This role is a critical part of the Enterprise data team involved in the replacement of legacy ETL tool by providing key data engineering activities including pipeline management, analysis & visualisation engineering. The role will be working closely alongside ETL developers and wider technology teams to engineer solutions supporting their strategic roadmap. This is a high-impact role for a candidate who is passionate about engineering excellence, have a strong technical background and excellent IT skills paired with excellent team working and communication skills. This role is a data engineering role (covering backend, data, infrastructure) and collaborates on solution design, implementation, deployment, testing and support.
Job Duties:
Responsibilities:
Design, implement, and maintain robust data pipelines and infrastructure to support LME integration across data warehouses or critical to ensure reliability and scalability.

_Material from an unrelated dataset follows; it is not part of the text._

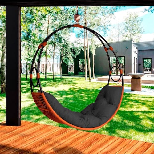 Cadeira De Balanço Suspenso Lua Nova Em Corda Náutica Ocre/preto A Cadeira Balanco Suspenso Lua e a escolha perfeita para transformar qualquer espaco em um ambiente aconchegante e elegante. Com sua construcao robusta e materiais de alta qualidade, esta cadeira oferece resistencia e durabilidade. Fabricada em aco carbono com pintura eletrostatica, sua estrutura garante protecao contra corrosao e um visual moderno. O acabamento em corda nautica de alta qualidade, com resistencia UV, nao so proporciona uma protecao eficaz contra os raios solares, mas tambem adiciona um toque sofisticado a cadeira, mantendo sua aparencia impecavel por muito mais tempo. O assento e equipado com uma almofada confeccionada em espuma D28, conhecida por seu excelente suporte e conforto. Revestida com tecido impermeavel, a almofada facilita a manutencao e e resistente a umidade, tornando-a ideal para uso em ambientes internos e externos. A fabricacao artesanal totalmente da cadeira garante um toque unico e diferenciado, fazendo de cada peca uma obra de arte exclusiva. Para completar, a Cadeira Balanco Suspenso Lua vem com uma mola e um mosquetao de alta qualidade para o encaixe, proporcionando uma instalacao facil e uma experiencia de balanco suave e segura. Seja para relaxar na varanda, no jardim ou ate mesmo dentro de casa, esta cadeira combina conforto e funcionalidade, criando um refugio acolhedor em qualquer lugar. ESPECIFICACOES TECNICAS: - Marca: Acesse Moveis; - Modelo:Cadeira l Balanco Suspenso Lua em Corda Nautica; - Material da Estrutura: Aco Carbono; - Acabamento: Corda Nautica com anti-UV; - Material do Assento: Impermeavel - Enchimento do Assento: Espuma D28; - Acompanha Almofada? Somente a almofada do assento; - Possui Corrente? Acompanha mola e mosquetao; - Garantia: 3 Meses; - Suporta Ate (kg): 150kg; - Necessita de Montagem?(Sim/Nao): Sim, necessita somente de um encaixe; - Medidas (LarguraxProfundidadexAltura): 140x50x140cm; Marca: ACESSE MÓVEIS

Ensure the robustness and quality of data workloads using Python/Java/Scala and modern data engineering practices, including automated validation, monitoring, and comprehensive testing.

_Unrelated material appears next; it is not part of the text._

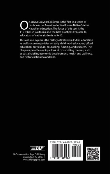 On Indian Ground: California is the first in a series of ten books on American Indian/Alaska Native/Native Hawaiian education. The focus of this text is the 110 tribes in California and the best practices available to educators of native students in K-16. This volume explores the history of California Indian education as well as current policies on early childhood education, gifted education, curriculum, counseling, funding, and research. The chapters provide a unique look at crosscutting themes, such as sustainability, economic development, health and wellness, and historical trauma and bias.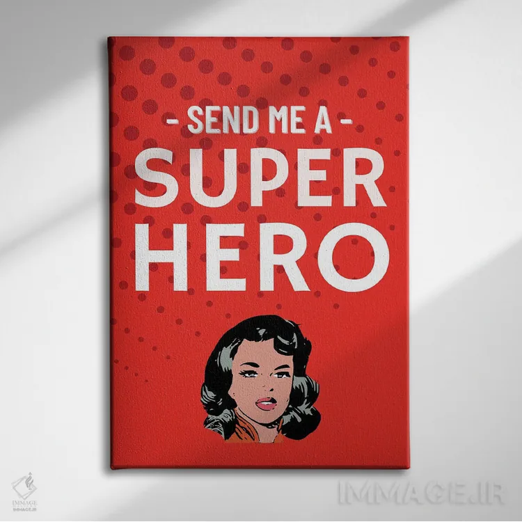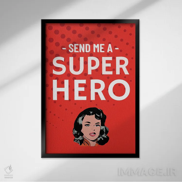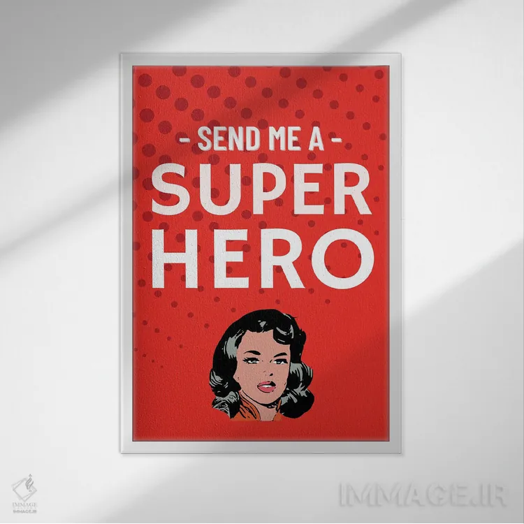 «برایم کمیک ابرقهرمانی قرمز بفرست» اثرِ «پیج ترنر» یک قاب مدرن و خوشفرم است؛ موضوعِ این اثر در اجرای هنری خوانا و سئوپذیرِ دیواری میشود.

Ensure all technical documentation is accurate, up-to-date, and accessible to relevant stakeholders.
Provide internal data analysis and reporting to support business and technology objectives.
Act as a liaison between technical teams and non-technical stakeholders, ensuring clear and effective communication of project status, risks, and requirements.
Develop and maintain database architectures, including data lakes and data warehouses.
Ensure data quality and consistency through data cleaning, transformation, and validation processes.
Lead incident analysis and root cause investigations for data-related issues, implementing improvements to enhance system stability and performance.
Evaluate possible solutions and designs to establish best approach in terms of customer outcome, architecture and cost. Including prototyping, technical spikes and proofs of concept.
Design, implement and support scalable and robust data pipelines to support analytics and data processing needs.
Implement test or process automation, Test Driven Development, Continuous Integration and Continuous Delivery as required and support the team in implementing best practices.
Requirements:
Experience: Minimum 3 years in software engineering, with demonstrable involvement in at least one production-grade data system within financial services or a similarly regulated industry.
Data Quality: Proven ability to validate and govern data pipelines, ensuring data integrity, correctness, and compliance.
Full-Stack Engineering: Hands-on experience with Java (Spring Boot), React (optional), and Python, covering backend, frontend, and data engineering.
Data Engineering Tools: Proficient with modern data engineering and analytics platforms (e.g., Apache Airflow, Spark, Kafka, dbt, Snowflake, or similar).
DevOps & Cloud: Experience with containerisation (Docker, Kubernetes), CI/CD pipelines, and cloud platforms (e.g., AWS, Azure, GCP) is highly desirable and increasingly standard in the industry.
Bonus for knowledge of:
Scripting languages, preferably Python.
RDBMS systems, PostgresSQL, SQL server or similar.